• [ABOUT THIS EXERCISE]: Leaving out the pictures, return each line of the entries from the first through the line with "特朗普表示沒有他派遣國民警衞", and only those lines.

::: SUPPLIED INFORMATION

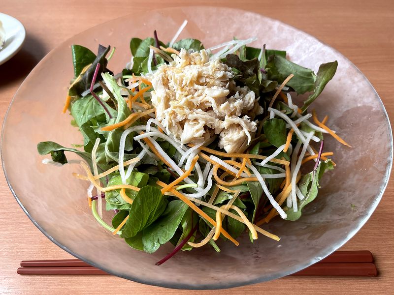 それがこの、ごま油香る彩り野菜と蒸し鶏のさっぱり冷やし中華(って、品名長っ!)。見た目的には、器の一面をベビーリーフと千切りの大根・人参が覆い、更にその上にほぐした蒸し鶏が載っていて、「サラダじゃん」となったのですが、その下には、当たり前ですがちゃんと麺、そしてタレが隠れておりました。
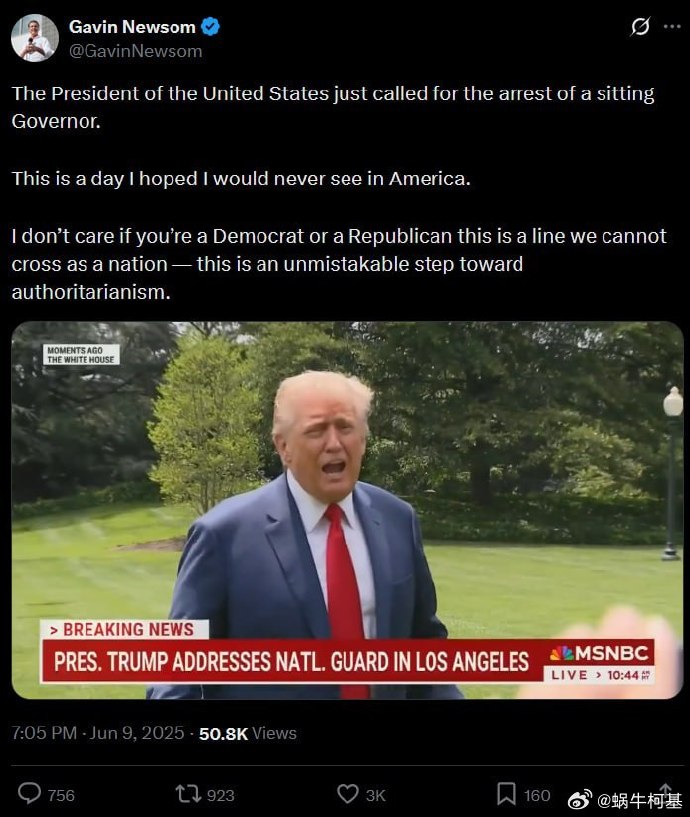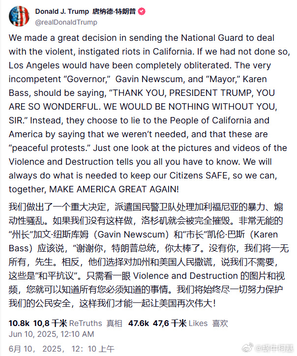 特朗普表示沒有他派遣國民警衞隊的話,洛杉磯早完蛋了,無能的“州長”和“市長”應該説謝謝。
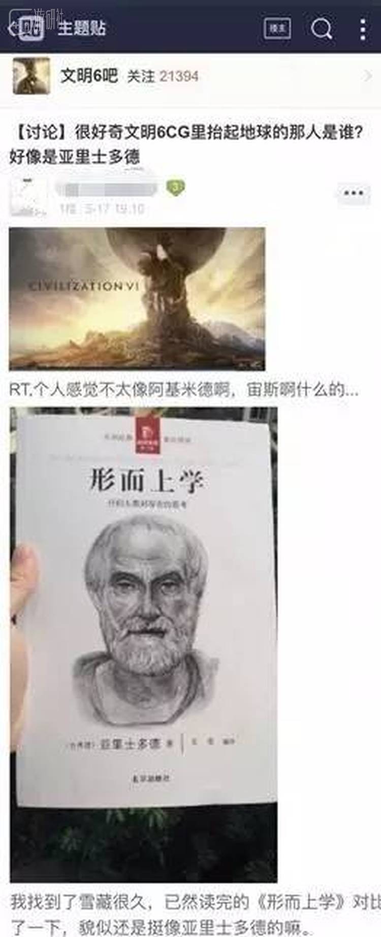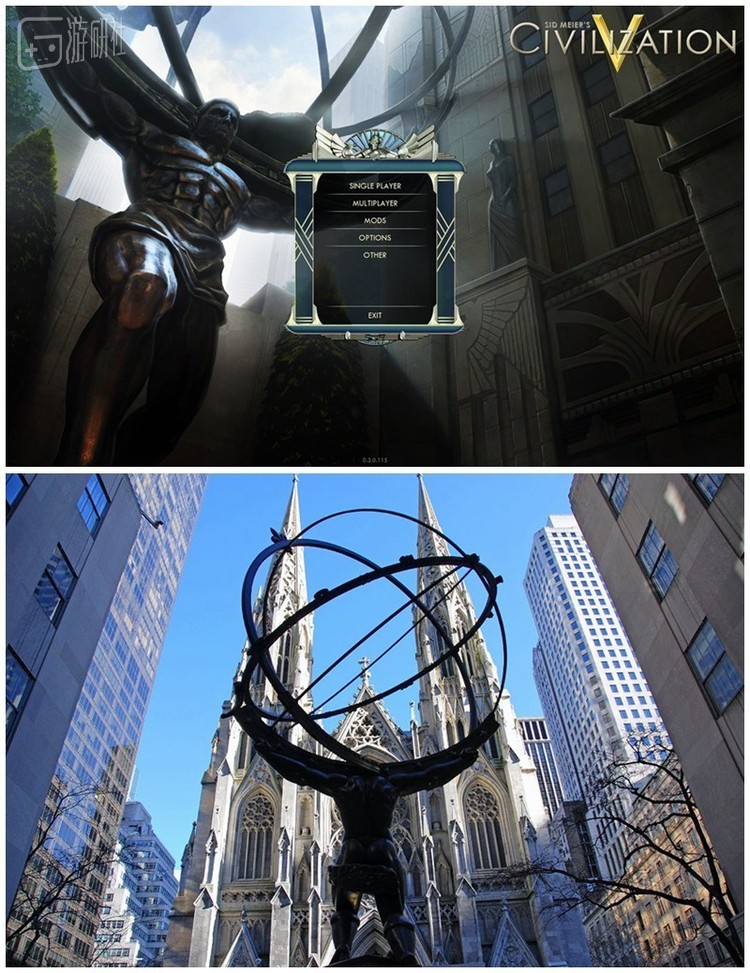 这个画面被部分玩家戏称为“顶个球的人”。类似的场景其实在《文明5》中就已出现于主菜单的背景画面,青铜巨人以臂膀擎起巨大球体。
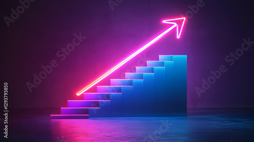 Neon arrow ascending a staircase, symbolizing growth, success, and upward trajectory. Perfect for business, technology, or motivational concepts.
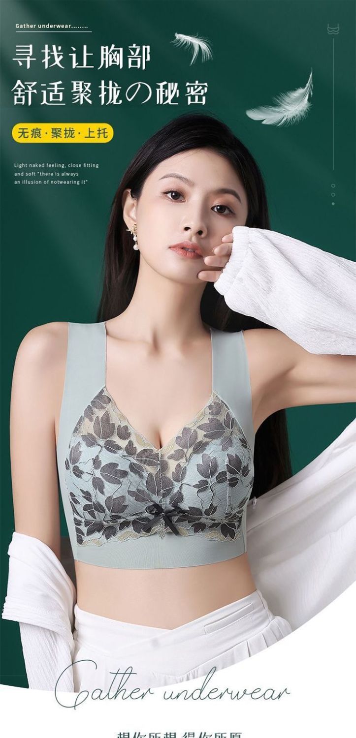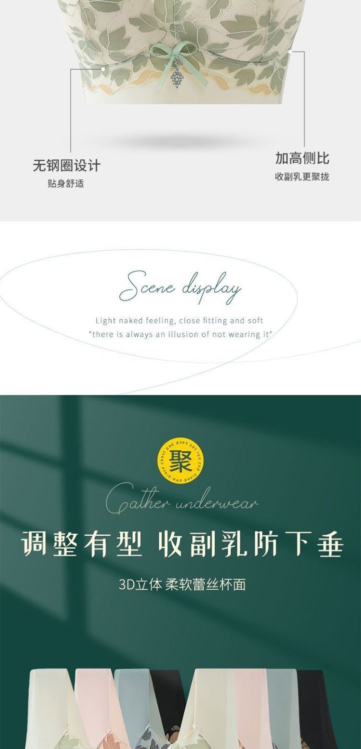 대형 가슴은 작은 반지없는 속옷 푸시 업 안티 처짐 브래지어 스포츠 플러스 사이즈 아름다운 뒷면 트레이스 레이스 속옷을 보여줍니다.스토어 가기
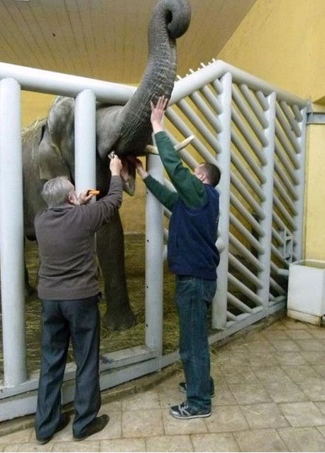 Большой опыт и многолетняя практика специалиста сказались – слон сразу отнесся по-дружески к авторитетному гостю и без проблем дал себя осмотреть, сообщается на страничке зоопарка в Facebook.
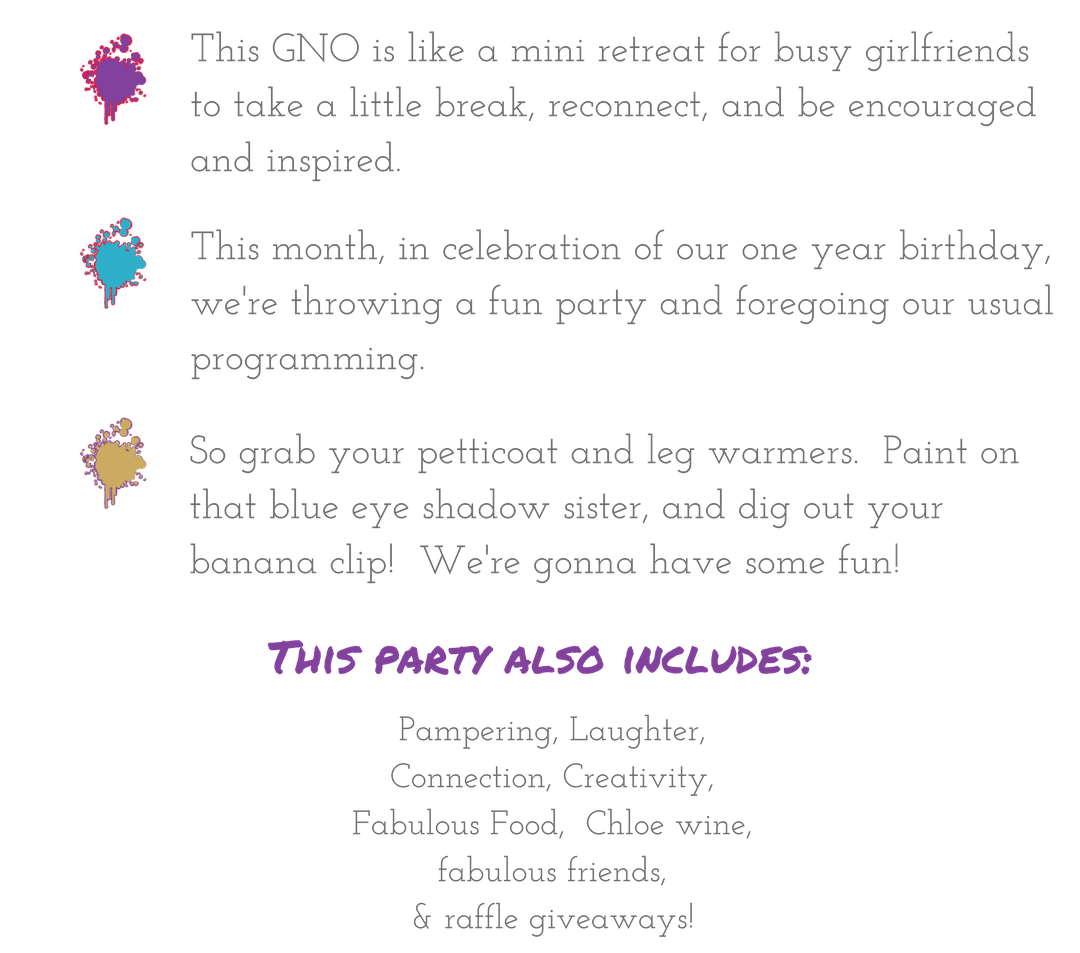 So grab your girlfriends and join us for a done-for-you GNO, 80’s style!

::::::

• [WRITTEN SOLUTION]:
 それがこの、ごま油香る彩り野菜と蒸し鶏のさっぱり冷やし中華(って、品名長っ!)。見た目的には、器の一面をベビーリーフと千切りの大根・人参が覆い、更にその上にほぐした蒸し鶏が載っていて、「サラダじゃん」となったのですが、その下には、当たり前ですがちゃんと麺、そしてタレが隠れておりました。
 特朗普表示沒有他派遣國民警衞隊的話,洛杉磯早完蛋了,無能的“州長”和“市長”應該説謝謝。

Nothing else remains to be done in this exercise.